Deploy Bufstream to Azure with Azure Database for PostgreSQL#
This page walks you through installing Bufstream into your Azure deployment, using PostgreSQL for metadata storage.
Data from your Bufstream cluster never leaves your network or reports back to Buf. Bufstream metadata is stored in PostgreSQL, while the actual data produced to the Bufstream cluster is stored in an Azure storage container.
Prerequisites#
To deploy Bufstream on Azure, you need the following before you start:
- A Kubernetes cluster (v1.27 or newer)
- An Azure Storage account and blob storage container
- An Azure Database for PostgreSQL flexible server (version 14 or higher)
- A Bufstream managed identity, with read/write permission to the storage container above.
- Helm (v3.12.0 or newer)
Terraform module#
We also provide a Terraform module at https://github.com/bufbuild/terraform-modules-bufstream. It sets up all necessary components from an empty Azure subscription, or adds all necessary components to any subset of the required ones that are already installed.
If you're setting up from an empty subscription, you need the following permissions:
Network Contributor
Azure Kubernetes Service Contributor
Storage Account Contributor
Storage Blob Data Contributor
PostgreSQL Flexible Server Contributor
DNS Zone Contributor
Managed Identity Contributor
The install script also requires the Azure CLI and Azure Kubelogin to be installed.
Create an Azure Kubernetes Service (AKS) cluster#
Create an AKS cluster if you don't already have one.

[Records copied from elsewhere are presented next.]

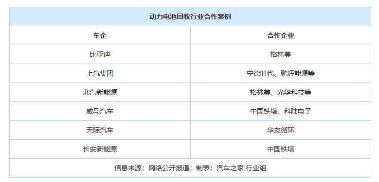 羅蘭貝格管理咨詢公司執(zhí)行總監(jiān)吳釗看來,具備客戶和渠道基礎(chǔ)是解決動力電池回收問題的核心,考慮到電池回收的運營體系復雜性,目前市場上主流做法為“抱團合作”,即車企、電池企業(yè)及回收企業(yè)達成戰(zhàn)略合作,利用各自的優(yōu)勢,解決動力電池回收難題。
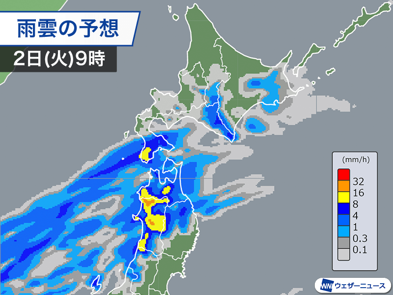 2日(火)にかけて、前線を伴った低気圧が北日本付近を通過する見込みです。北日本では広範囲で雨が降り、強雨や雷雨に注意が必要です。
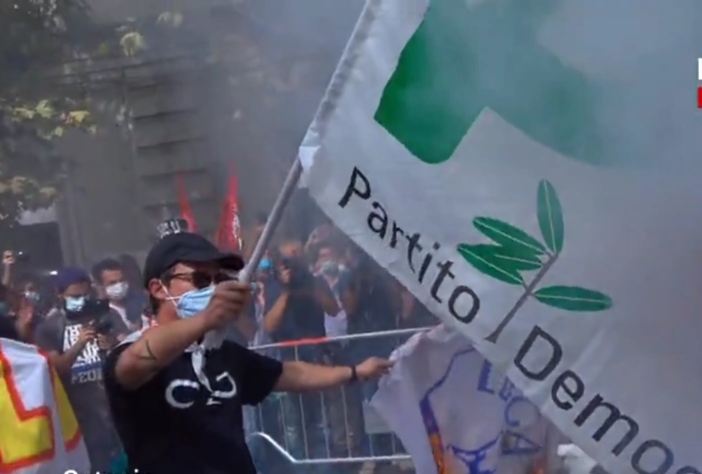 Proprio oltre cento rotoli con la faccia di Salvini sono poi stati lanciati aldilà del dispiegamento di polizia, in piazza Verga.
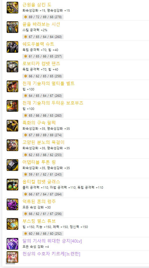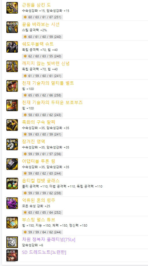 위와 같이 직업별로 '결전의 도 - 드래곤나이트'와 '근원을 삼킨 도'의 2종류의 무기가 있습니다. 하나는 직업명이 붙은 결전 무기이고 다른 하나는 근원 무기입니다. 결전 무기는 자기 직업만 사용할 수 있으며, 근원을 삼킨 도는 도를 사용하는 직업이라면 누구나 사용할 수 있습니다. 현재로서는 근원 무기가 결전 무기보다 성능이 더 좋은 거 같습니다. 6명의 랭커가 모두 '근원을 삼킨 도'를 사용하고 있습니다. 이제 장비 아이템 중에 마법석을 보면 6명 중 5명이 '억류된 혼의 령주'를 사용하고 있습니다. 하지만 별로 추천하지 않습니다. '억류된 혼의 령주'는 보유하고 있는 크리쳐 수에 따라서 피해 증가시키는 옵션이 있습니다. 따라서 크리쳐가 많이 필요합니다. 사실 돈이 많으면 추천하지만 저와 같은 평범한 사람이라면 다른 아이템을 선택하는 것이 좋을 것 같습니다. 그리고 하의에도 비슷한 아이템이 있습니다. '옥화의 망령 대퇴갑'입니다. 6명의 랭커 중 1명만 사용하고 있습니다. '옥화의 망령 대퇴갑'은 아바타 개수에 따라 피해 증가 옵션이 있습니다. 그래서 추천하지 않습니다. 다행히 하의에서는 다른 대체 장비 아이템이 많이 있는 것 같습니다. 칭호의 스킬 레벨은 40제 3명, 75제 3명으로 반반으로 선택했습니다. 칭호의 레벨 선택 기준은 탈리스만 룬에서 '태도 용제무쌍-40제'을 선택하느냐, '미디어 버스트-75제'를 선택하느냐에 따라 칭호 레벨을 선택할 수 있습니다. 사실 랭커들과 똑같이 하려면 시간이 많이 걸릴 것 같습니다. 그렇기 때문에 일반적으로 105제 아이템 중 아무거나 먼저 착용하고 새로운 던전 모험가 명성 커트라인에 도달하는 것이 중요합니다. 그리고 필요한 장비 아이템으로 하나씩 변경하면 됩니다.
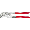Polygrip-/skiftnyckel-tång. Används med fördel som ersättning för skiftnyckel. Med parallellt spännande käftar och snabbinställning genom att trycka på inställningsknappen. Släta gripkäftar lämpade för skonsam montering av armaturer med förädlad yta. Käftarnas spel gör det möjligt att arbeta med tångnyckeln som en tång utan att ändra inställningen. Det smala huvudet ger ett säkert grepp även i trånga utrymmen. Av kromvanadinstål. Plastklädda skänklar.
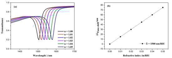 As shown in Figure 6b, when the variation of refractive indices changed, the wavelength shift of the dip altered linearly. As a result, this structure can serve as a refractive index sensor because it has the advantage of being more easily detected. The sensitivity of the sensor was obtained by linear fitting, which was 1500 nm/RIU with a FOM of 62.5. This is the best parameter for this structure.
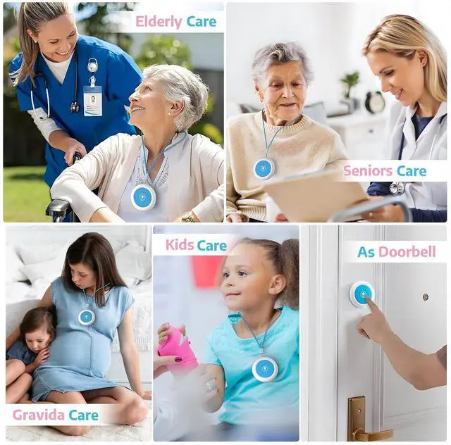 ^^ Portable & Long-Lasting - Built for everyday use, the wireless call button is splash-proof and can be worn comfortably as a necklace, carried in a pocket, or mounted on a wall. With a battery life of up to 1 year (based on 15 presses per day), this small call bell provides long-lasting reliability without frequent battery changes.
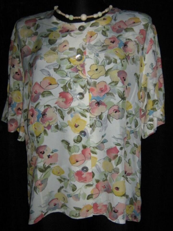 NEU * Edel * Romantik * Aquarell * Blumen * Blüten * Flower- Power * Kragenlose * DESIGNER * Halbarm * Bluse * Gr. 42- 44, 46/ M- L * Pastell *
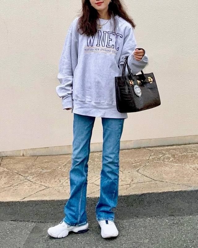 スウェット×スニーカー×デニムパンツのコーデ
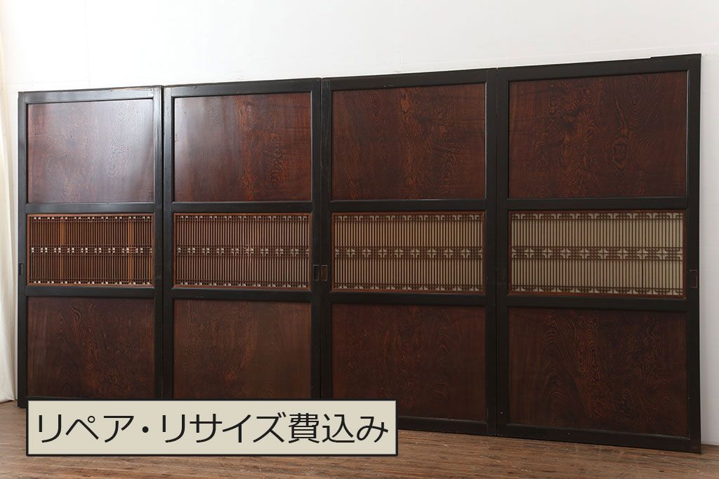 アンティーク建具 激レア 明治大正期 新潟産 漆塗り 玉杢 組子入り板戸4枚セット(帯戸、障子戸、建具、引き戸)(R-044767)
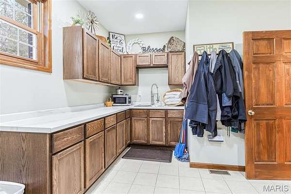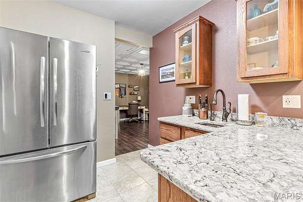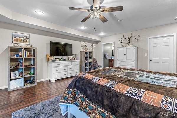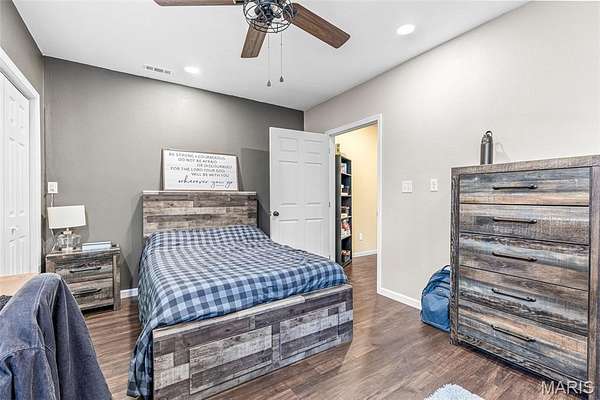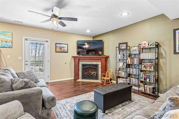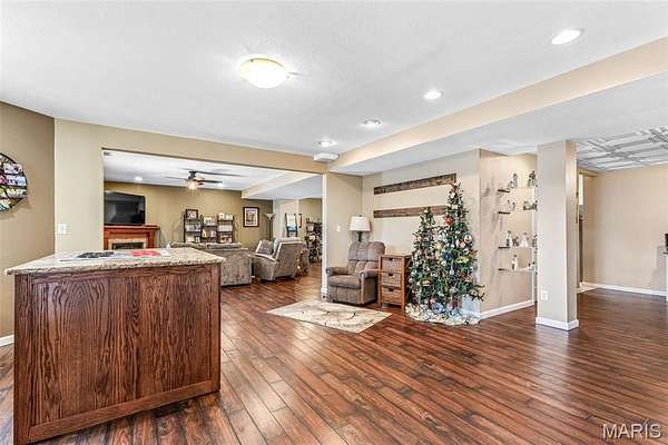 The walkout basement is meticulously finished and offers incredible versatility, featuring luxury vinyl flooring, a stylish bar area, large family room, office, sitting area, two full bathrooms, and a spacious bedroom that could easily serve as a second master suite. An additional sleeping area with a window and a lower-level garage/shop add even more functionality.

An AKS cluster involves many settings that vary depending on your use case. See the official documentation for details.
Set up Workload Identity Federation (WIF) for Bufstream#
You can authenticate to Azure Blob Storage with storage account shared access keys, or you can use Kubernetes WIF via Microsoft Entra Workload ID with Azure Kubernetes Service. See the official documentation:
Create a storage account#
If you don't already have one, create a new resource group:
Then, create a new storage account within the group:
$ az storage account create \
--name <account-name> \
--resource-group <group-name> \
--location <region> \
--sku Standard_RAGRS \
--kind StorageV2 \
--min-tls-version TLS1_2 \
--allow-blob-public-access false
Create a storage container#
Create a storage container inside the storage account created above:
$ az storage container create \
--name <container-name> \
--account-name <account-name> \
--auth-mode login
Create an Azure Database for PostgreSQL flexible server#
Create a new Azure Database for PostgreSQL flexible server
$ az postgres flexible-server create \
--name <server-name> \
--resource-group <group-name> \
--location <region> \
--version 16 \
--password-auth enabled \
--admin-user postgres \
--admin-password <postgres-user-password> \
--tier generalpurpose \
--sku-name Standard_D4ds_v5 \
--storage-type premium_lrs \
--storage-size 32 \
--performance-tier p20 \
--storage-auto-grow enabled \
--high-availability zoneredundant \
--public-access all \
--create-default-database enabled \
--database-name bufstream
For more details about instance creation, see the official docs. For a more secure setup, using private access instead of a public IP is recommended.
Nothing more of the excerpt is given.